• [Records]
======

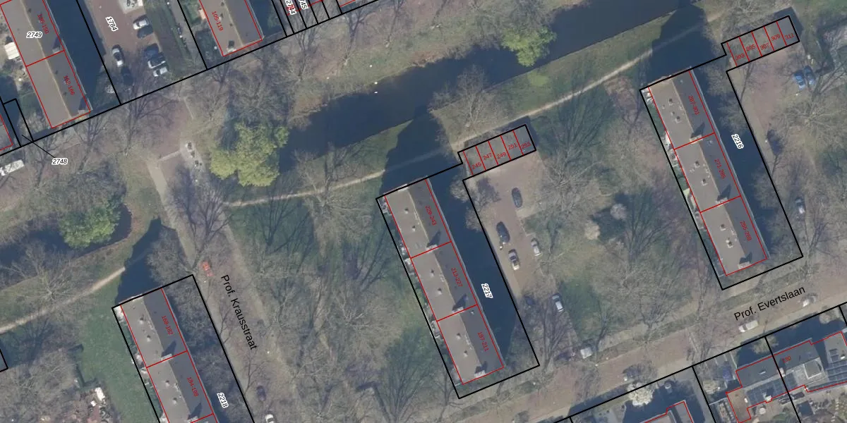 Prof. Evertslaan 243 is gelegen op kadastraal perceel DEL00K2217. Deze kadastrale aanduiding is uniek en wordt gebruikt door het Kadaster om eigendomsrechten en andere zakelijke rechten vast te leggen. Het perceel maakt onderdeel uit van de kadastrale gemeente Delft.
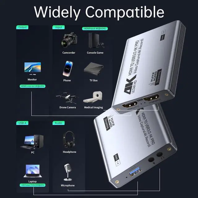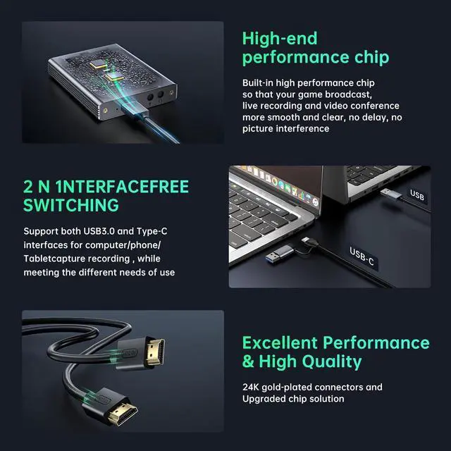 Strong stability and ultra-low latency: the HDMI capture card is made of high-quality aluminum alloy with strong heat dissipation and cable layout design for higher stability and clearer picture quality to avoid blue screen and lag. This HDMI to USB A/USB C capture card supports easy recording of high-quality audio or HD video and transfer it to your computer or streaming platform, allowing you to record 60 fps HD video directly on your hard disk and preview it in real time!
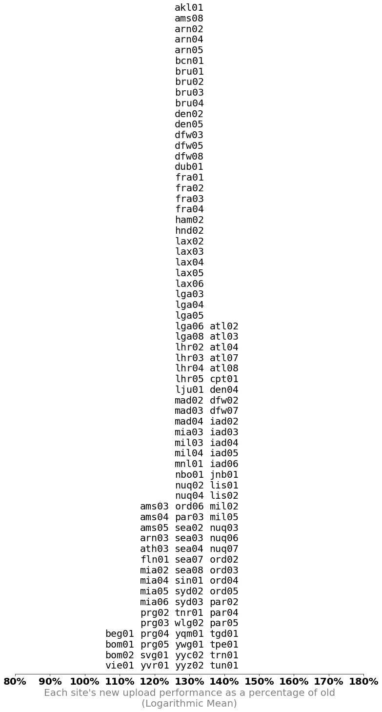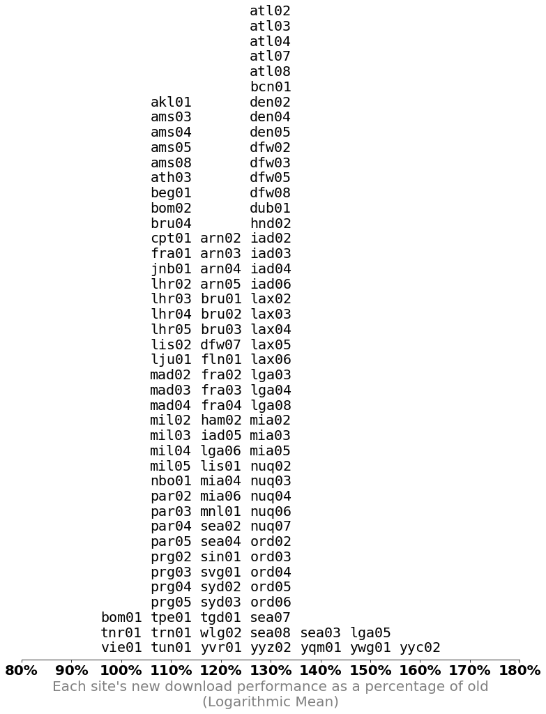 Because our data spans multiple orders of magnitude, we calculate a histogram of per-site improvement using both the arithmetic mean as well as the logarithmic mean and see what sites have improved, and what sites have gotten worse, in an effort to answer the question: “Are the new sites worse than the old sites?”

======

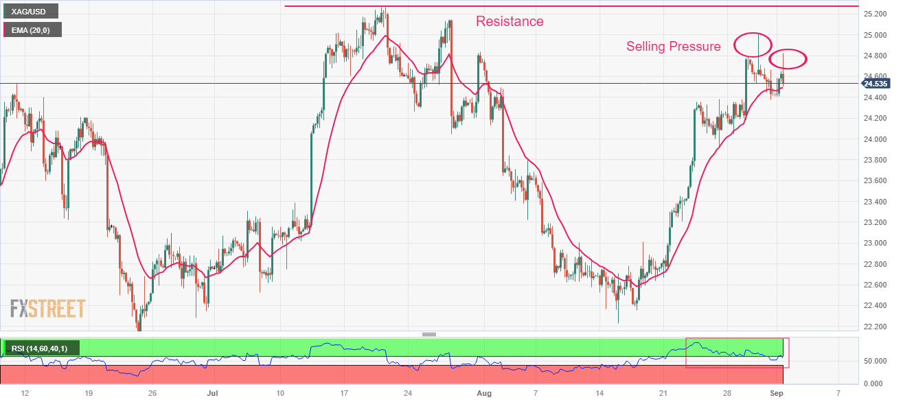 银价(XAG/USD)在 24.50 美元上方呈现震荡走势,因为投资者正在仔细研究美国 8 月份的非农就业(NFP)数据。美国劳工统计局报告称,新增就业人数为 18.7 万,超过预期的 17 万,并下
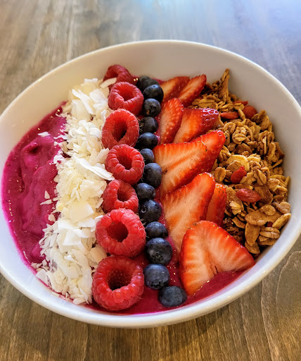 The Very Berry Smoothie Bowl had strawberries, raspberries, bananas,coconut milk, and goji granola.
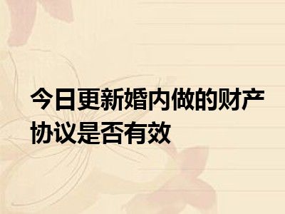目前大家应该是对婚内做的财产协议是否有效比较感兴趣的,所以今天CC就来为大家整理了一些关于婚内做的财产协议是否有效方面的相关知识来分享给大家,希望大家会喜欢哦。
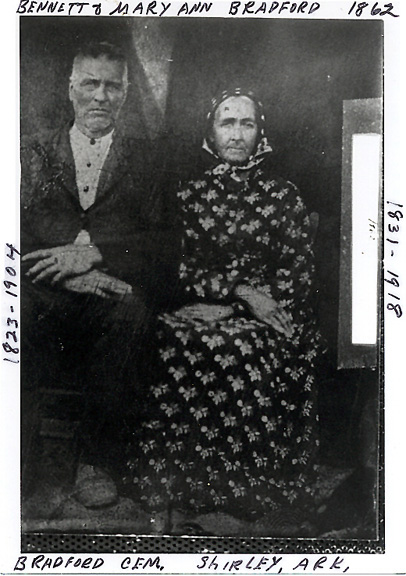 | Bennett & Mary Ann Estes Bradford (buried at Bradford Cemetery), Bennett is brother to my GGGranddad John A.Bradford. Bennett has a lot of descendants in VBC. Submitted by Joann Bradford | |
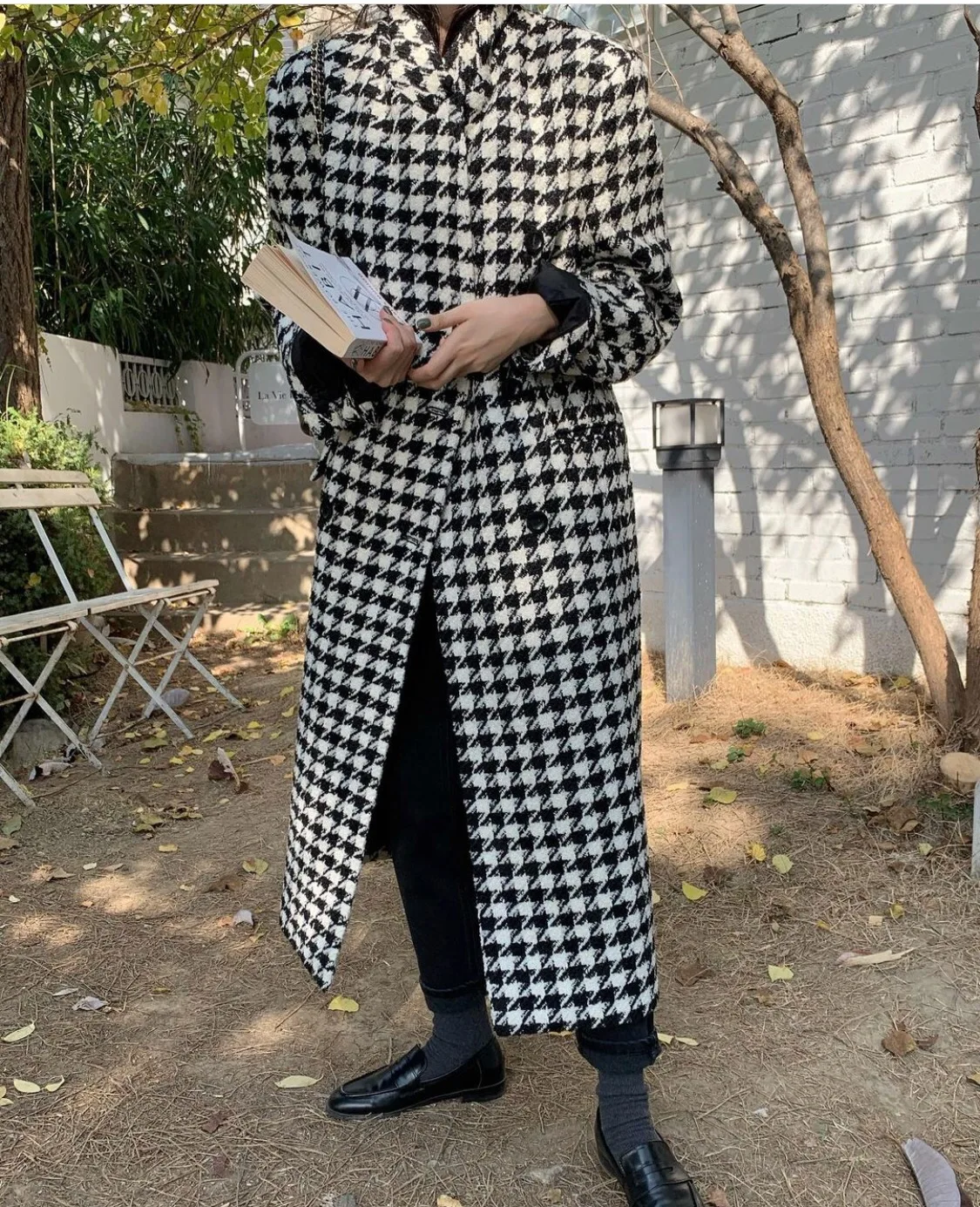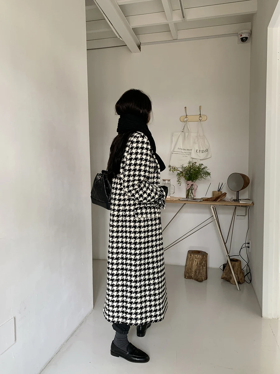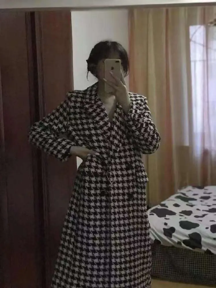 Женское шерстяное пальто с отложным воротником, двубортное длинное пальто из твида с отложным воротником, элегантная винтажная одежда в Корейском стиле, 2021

======

• [Task]
Beginning at the line above that contains "Prof. Evertslaan 243", repeat each line exactly through the one that contains "Because our data", and leave out the pictures.

• [Response box]
 Prof. Evertslaan 243 is gelegen op kadastraal perceel DEL00K2217. Deze kadastrale aanduiding is uniek en wordt gebruikt door het Kadaster om eigendomsrechten en andere zakelijke rechten vast te leggen. Het perceel maakt onderdeel uit van de kadastrale gemeente Delft.
 Strong stability and ultra-low latency: the HDMI capture card is made of high-quality aluminum alloy with strong heat dissipation and cable layout design for higher stability and clearer picture quality to avoid blue screen and lag. This HDMI to USB A/USB C capture card supports easy recording of high-quality audio or HD video and transfer it to your computer or streaming platform, allowing you to record 60 fps HD video directly on your hard disk and preview it in real time!
 Because our data spans multiple orders of magnitude, we calculate a histogram of per-site improvement using both the arithmetic mean as well as the logarithmic mean and see what sites have improved, and what sites have gotten worse, in an effort to answer the question: “Are the new sites worse than the old sites?”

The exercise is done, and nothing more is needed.